"Enter"a basıp içeriğe geçin

Artemis Tapınağı / Dünyanın Yedi Harikası | YerelHaberler

Artemis Tapınağı bugünkü İzmir’e 50 km uzaklıkta yer almaktadır. Efes’teki bu tapınak bereket tanrısı Artemis için yapılmıştır. Tapınaktaki kaynak M.Ö. 700 yılında, tapınak M.Ö. 550 yılında Lidya Kralı Kroisos’un isteği üzerine inşa edilmiştir. 90 metre yüksekliğinde, 45 metre genişliğinde, dönemin en usta heykeltıraşlarının yaptığı bronz ve mermer heykellerle dolu, yaklaşık 100 sütunlu devasa bir yapıydı. Bereket tanrıçası için yapıldığı için içeride tapınak, dışarıda pazar yeri olarak kullanılmış ve Kapalıçarşı olarak turizm değeri olmuştur.
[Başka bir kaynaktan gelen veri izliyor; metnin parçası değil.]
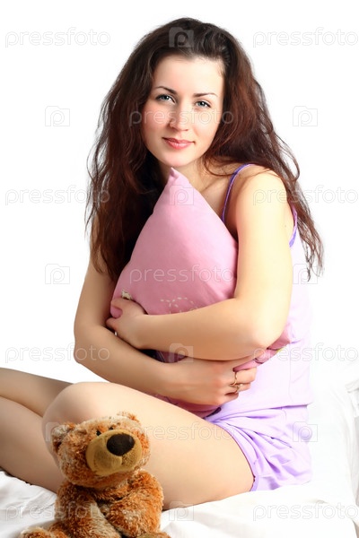 Портрет молодой девушки с игрушечным медвежонком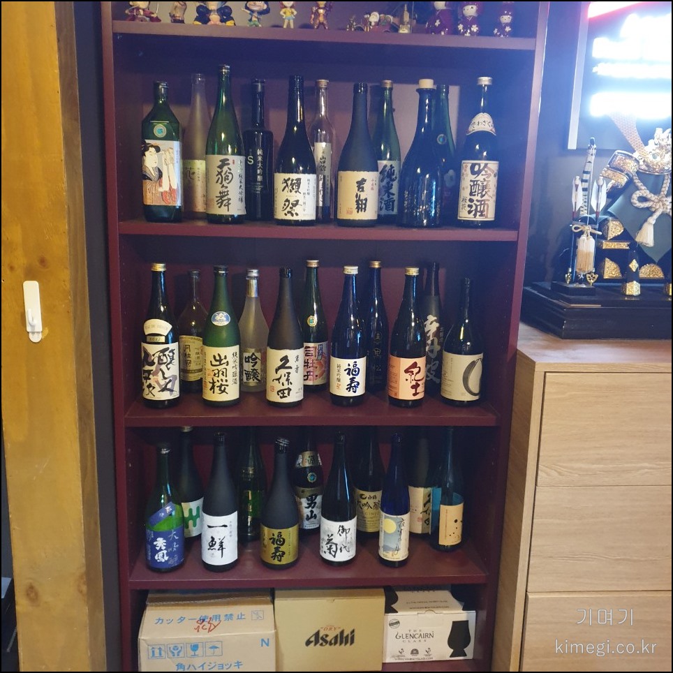 양재역 이자카야 식감이야기 입구에 들어서면 사케 병이 진열되어 있어요.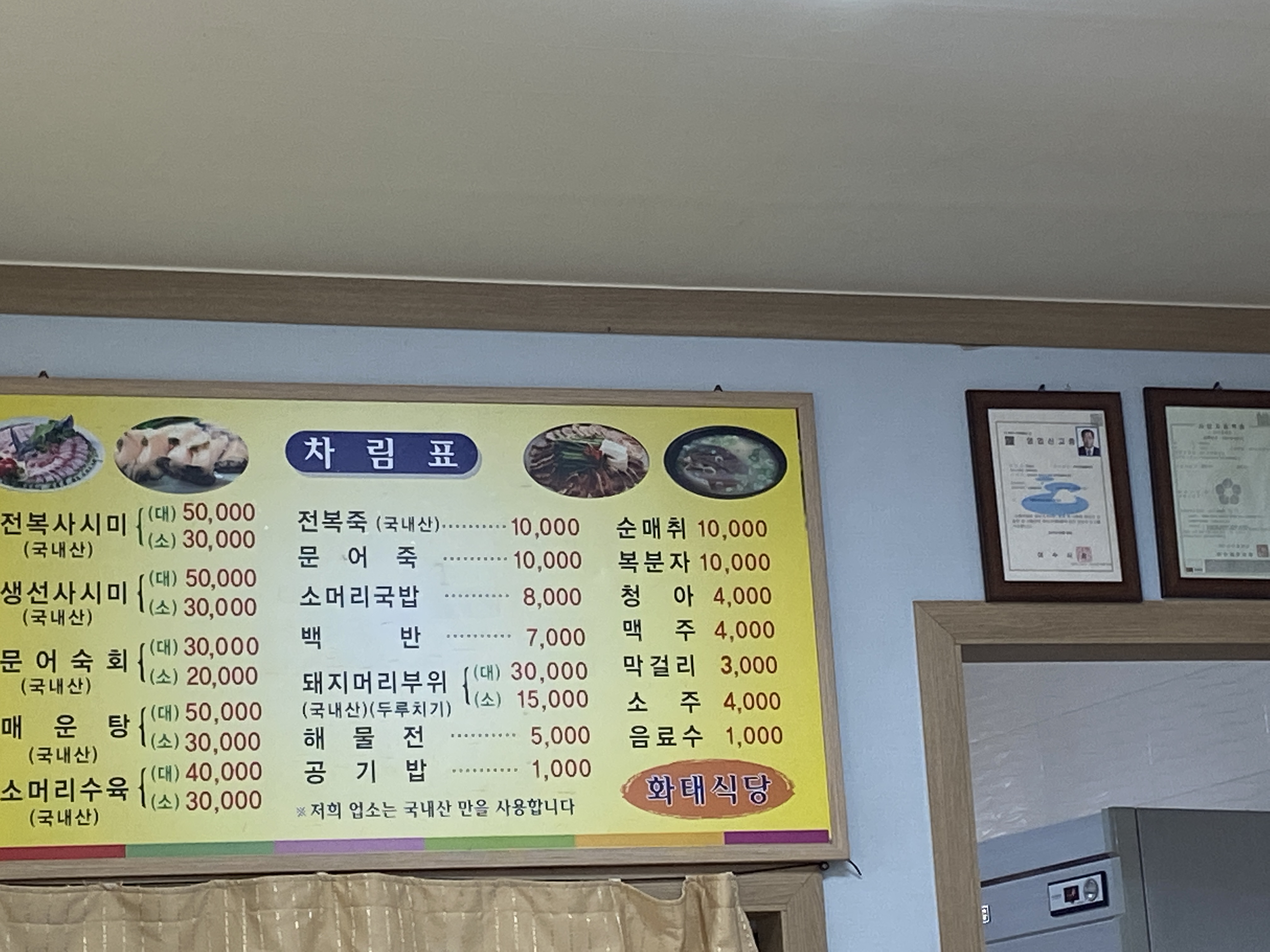 바로보이는 화태식당 입니다.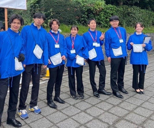 第 57 回大会の様子 寄贈したサコッシュを身に着けた学連のスタッフたち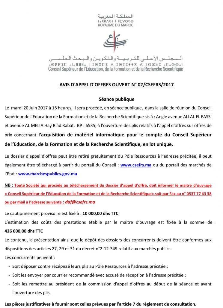 | Référence : 02/CSEFRS/2017 | Date limite : 20/06/2017 15:00 |

Turistler çarşıdan aldıkları altın ve fildişi takıları tanrıçaya sunarlardı. MÖ 21 Temmuz 356’da Herostratus adında bir adam sırf ünlü olmak için tapınağı yakmış ve burada ismi geçtiği için başarılı olmuş. Büyük İskender’in aynı gece doğması sonucunda tarihçiler “Tanrıça İskender’le o kadar ilgilendi ki kendi evini bile umursamadı” dediler. Bu Yunanlılar her şeyi böyle abartmasınlar… İskender tapınağı tamir edemeden öldü ve tanrıçanın sadık müritleri her türlü tahribattan sonra onu restore etmeye devam ettiler. 262 Büyük Yangını’nın sonunda müritlerin çoğu Hristiyan olunca, onu düzeltecek kimse kalmamıştı. Bugün tapınağın yerini gösteren tek bir sütun var.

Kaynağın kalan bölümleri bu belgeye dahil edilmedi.